> EXERCISE BRIEF
If an entry holds a picture, drop the picture and restate the rest word for word.

Data records
- Opening Delimiter -
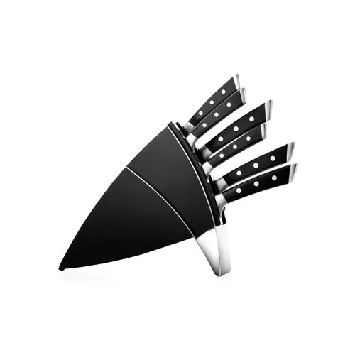 Un ceppo dal look esclusivo e moderno, bellissimo da tenere sul piano di lavoro, non solo per avere tutti i coltelli a portata di mano, ma anche come vero e proprio oggetto di design. E poi contiene i coltelli Azza, forgiati in un unico pezzo, robusti e precisi, perfetti per professionisti e gourmet.
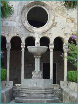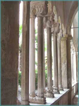 ![]() Superbe ouvrage de style roman tardif, le cloître se compose de colonnes géminées dont le chapitaux, tous différents, adoptent la formes de têtes humaines et d'animaux ou s'ornent de motifs floraux. |
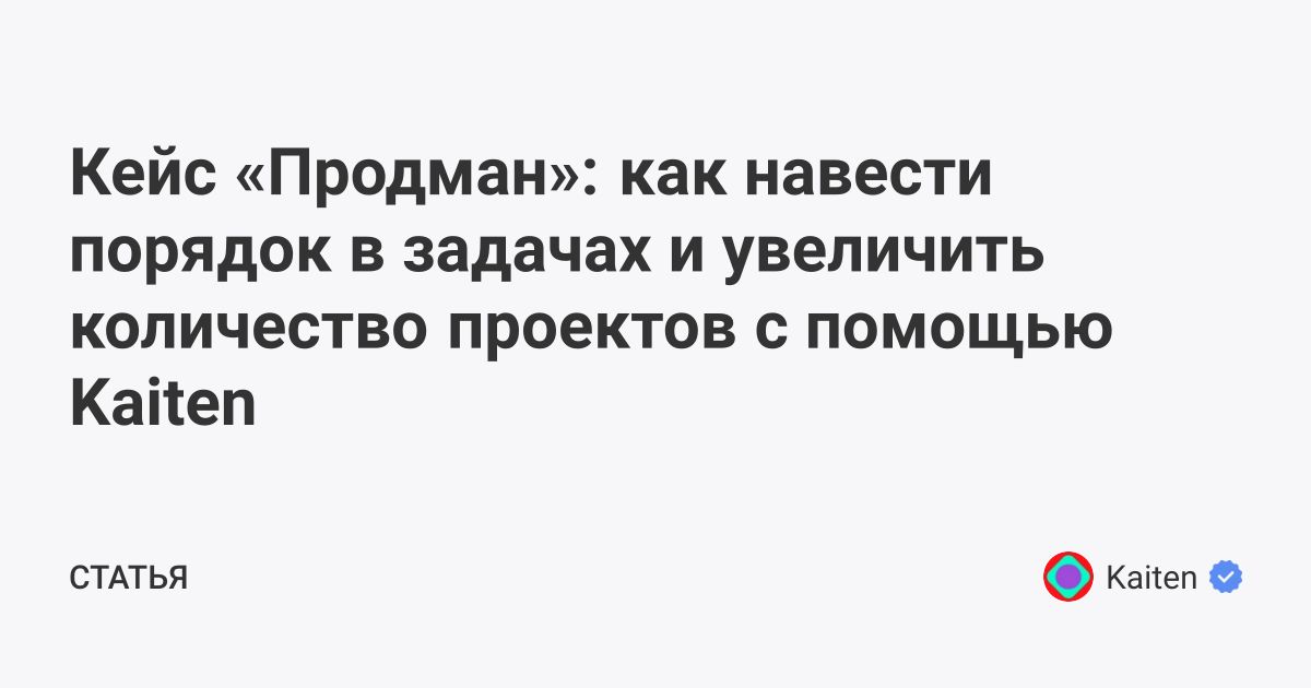 С Kaiten мы стали работать намного слаженнее, управление стало понятным и все процессы теперь под контролем. Мы планируем увеличить количество сотрудников и взять в работу больше проектов — теперь мы уверены, что справимся с такой нагрузкой и качество сервиса не пострадает.Генеральный директор «Продман», Павел Попов
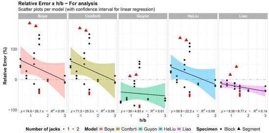 As indicated in some model deductions, besides materials inputs/characteristics (evaluated in parametric analysis), some geometric parameters such as the width ratio (b1/b) and specimens’ aspect ratio (h/b) are expected to influence the prediction. Thus, they can also be relevant in models’ relative errors and, consequently, affect the models’ safety factor used in design. Aiming at evaluating the influence of specimens’ width and aspect ratios, in the relative errors, some scatter plots with linear regression models (with the linear regressions 95 percent confidence intervals) are exposed in Figure 6 and Figure 7.
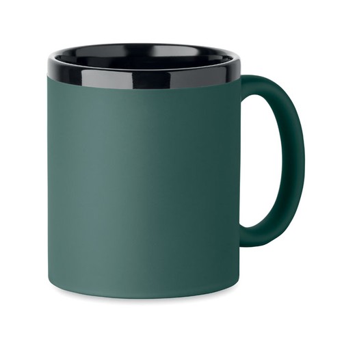 Caneca de cerâmica com revestimento suave ao toque e interior/borda pretos. Com um revestimento especial para gravação a laser. Capacidade: 300 ml. Embalagem individual em caixa de cartão branco.
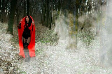 Keywords: girl red sensual smoke the haze forest red riding hood
- Closing Delimiter -
> WRITTEN REPLY
 Un ceppo dal look esclusivo e moderno, bellissimo da tenere sul piano di lavoro, non solo per avere tutti i coltelli a portata di mano, ma anche come vero e proprio oggetto di design. E poi contiene i coltelli Azza, forgiati in un unico pezzo, robusti e precisi, perfetti per professionisti e gourmet.
 ![]() Superbe ouvrage de style roman tardif, le cloître se compose de colonnes géminées dont le chapitaux, tous différents, adoptent la formes de têtes humaines et d'animaux ou s'ornent de motifs floraux. |
 С Kaiten мы стали работать намного слаженнее, управление стало понятным и все процессы теперь под контролем. Мы планируем увеличить количество сотрудников и взять в работу больше проектов — теперь мы уверены, что справимся с такой нагрузкой и качество сервиса не пострадает.Генеральный директор «Продман», Павел Попов
 As indicated in some model deductions, besides materials inputs/characteristics (evaluated in parametric analysis), some geometric parameters such as the width ratio (b1/b) and specimens’ aspect ratio (h/b) are expected to influence the prediction. Thus, they can also be relevant in models’ relative errors and, consequently, affect the models’ safety factor used in design. Aiming at evaluating the influence of specimens’ width and aspect ratios, in the relative errors, some scatter plots with linear regression models (with the linear regressions 95 percent confidence intervals) are exposed in Figure 6 and Figure 7.
 Caneca de cerâmica com revestimento suave ao toque e interior/borda pretos. Com um revestimento especial para gravação a laser. Capacidade: 300 ml. Embalagem individual em caixa de cartão branco.
 Keywords: girl red sensual smoke the haze forest red riding hood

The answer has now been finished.